The lines below, from the one holding "中南民族大学药学院中国传统医" through the one holding "Rustic Linen &", are to be restated word for word, with all images left out.

▸ The data:
#####

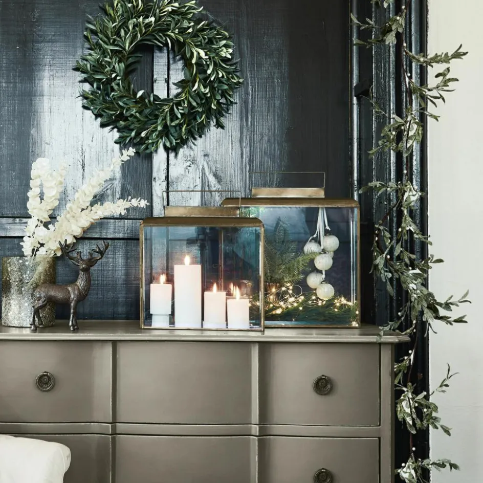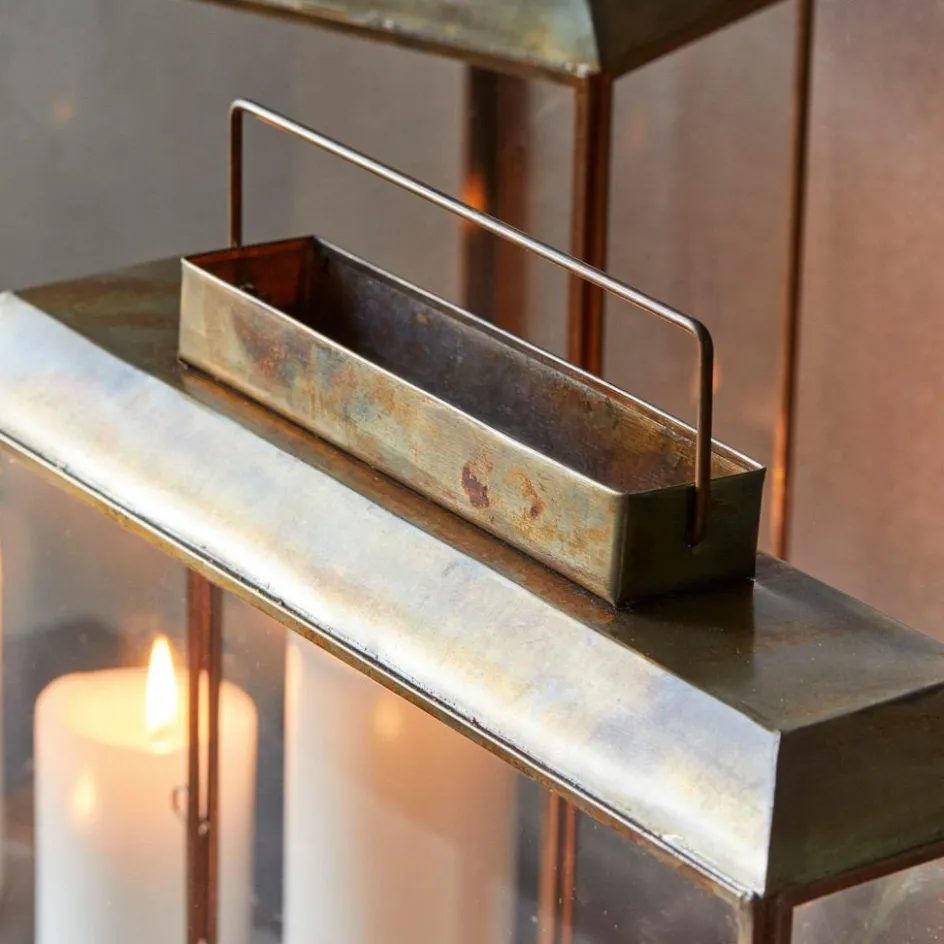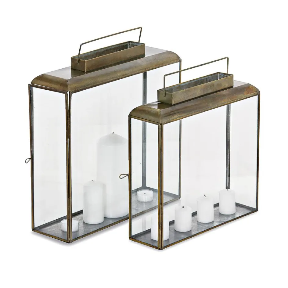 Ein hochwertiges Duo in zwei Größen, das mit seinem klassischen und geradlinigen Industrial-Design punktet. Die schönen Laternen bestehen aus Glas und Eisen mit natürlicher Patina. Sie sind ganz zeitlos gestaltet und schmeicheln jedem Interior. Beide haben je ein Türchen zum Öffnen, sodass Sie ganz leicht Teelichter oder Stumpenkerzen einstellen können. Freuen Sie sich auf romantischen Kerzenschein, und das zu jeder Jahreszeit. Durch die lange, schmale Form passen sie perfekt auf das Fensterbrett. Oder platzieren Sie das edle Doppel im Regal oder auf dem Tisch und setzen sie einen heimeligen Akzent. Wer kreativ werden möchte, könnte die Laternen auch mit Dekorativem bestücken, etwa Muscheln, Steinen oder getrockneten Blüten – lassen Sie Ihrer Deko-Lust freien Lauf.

#####

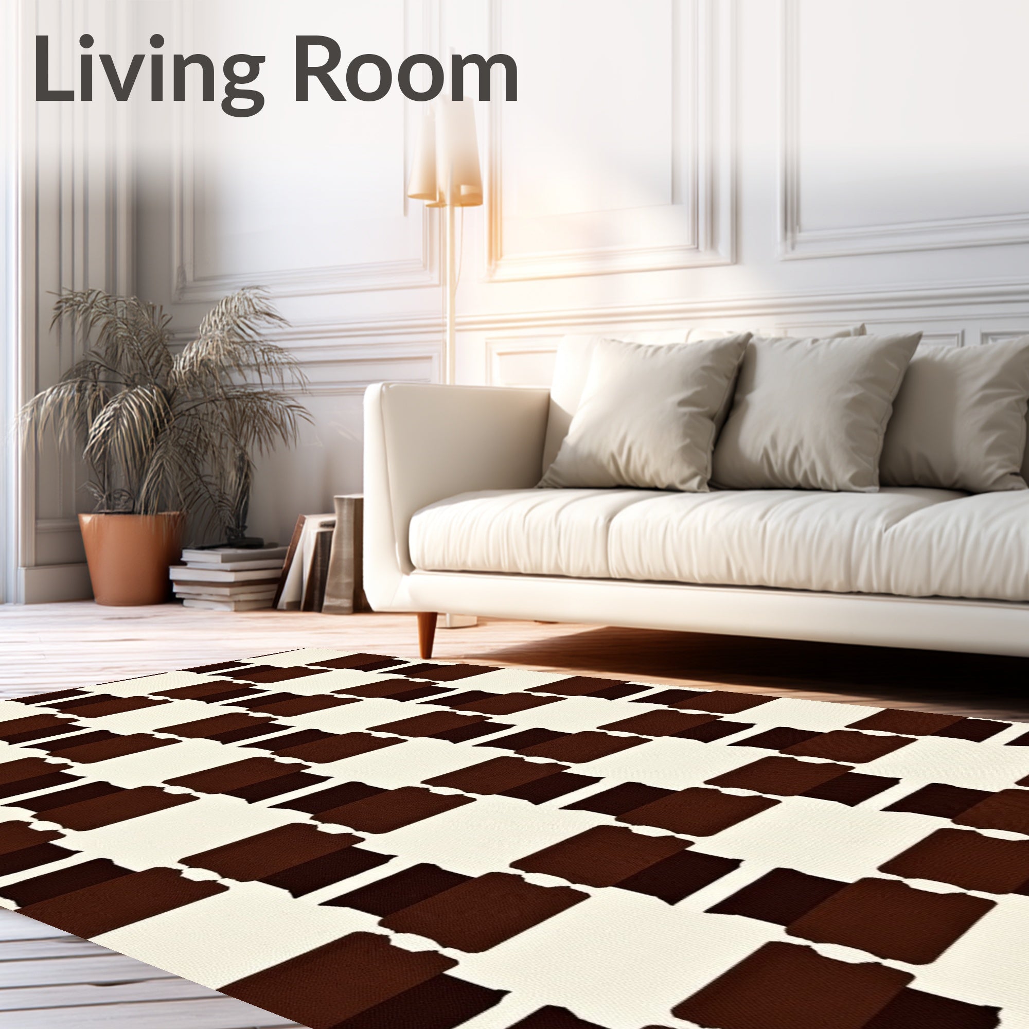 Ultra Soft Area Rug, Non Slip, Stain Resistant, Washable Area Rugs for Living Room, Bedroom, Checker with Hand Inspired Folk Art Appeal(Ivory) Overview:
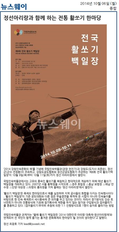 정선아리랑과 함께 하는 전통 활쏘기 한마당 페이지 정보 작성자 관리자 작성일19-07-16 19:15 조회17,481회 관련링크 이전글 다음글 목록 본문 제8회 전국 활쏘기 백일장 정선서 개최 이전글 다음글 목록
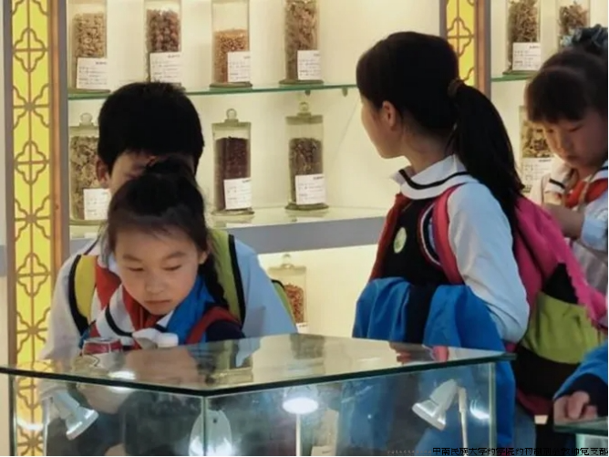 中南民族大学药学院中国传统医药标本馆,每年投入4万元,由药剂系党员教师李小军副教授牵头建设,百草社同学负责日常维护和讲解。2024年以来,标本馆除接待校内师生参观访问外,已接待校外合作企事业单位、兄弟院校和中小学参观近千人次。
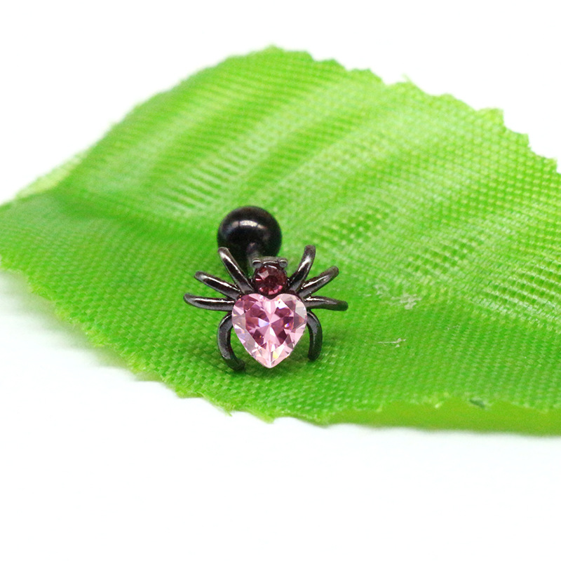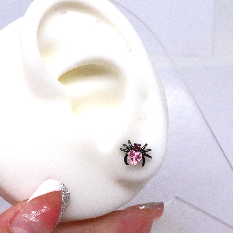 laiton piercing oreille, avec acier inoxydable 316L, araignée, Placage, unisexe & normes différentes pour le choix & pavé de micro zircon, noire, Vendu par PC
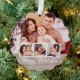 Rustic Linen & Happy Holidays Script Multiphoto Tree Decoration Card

#####

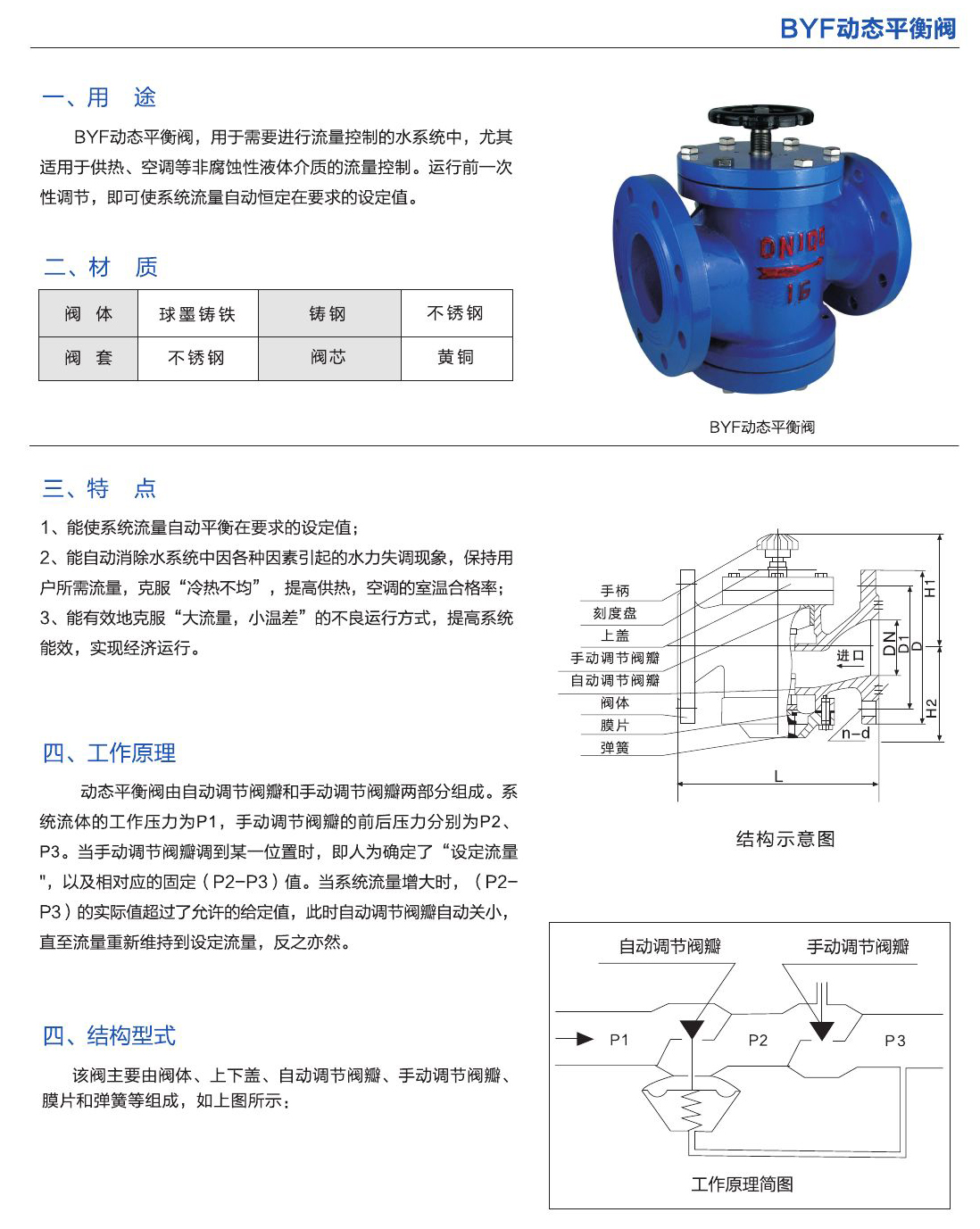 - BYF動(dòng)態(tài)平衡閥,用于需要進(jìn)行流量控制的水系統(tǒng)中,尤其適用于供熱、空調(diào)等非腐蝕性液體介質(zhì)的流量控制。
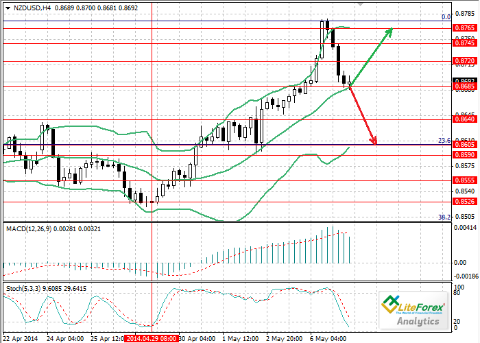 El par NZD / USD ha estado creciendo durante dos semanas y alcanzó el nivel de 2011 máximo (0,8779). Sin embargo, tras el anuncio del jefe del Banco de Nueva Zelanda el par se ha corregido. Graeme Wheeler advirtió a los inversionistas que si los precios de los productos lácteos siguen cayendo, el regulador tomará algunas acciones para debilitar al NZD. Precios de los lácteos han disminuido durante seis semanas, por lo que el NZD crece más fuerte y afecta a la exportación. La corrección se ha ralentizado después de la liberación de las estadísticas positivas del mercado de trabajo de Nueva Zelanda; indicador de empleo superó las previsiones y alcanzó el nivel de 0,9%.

#####

▸ Problem solution:
 中南民族大学药学院中国传统医药标本馆,每年投入4万元,由药剂系党员教师李小军副教授牵头建设,百草社同学负责日常维护和讲解。2024年以来,标本馆除接待校内师生参观访问外,已接待校外合作企事业单位、兄弟院校和中小学参观近千人次。
 laiton piercing oreille, avec acier inoxydable 316L, araignée, Placage, unisexe & normes différentes pour le choix & pavé de micro zircon, noire, Vendu par PC
 Rustic Linen & Happy Holidays Script Multiphoto Tree Decoration Card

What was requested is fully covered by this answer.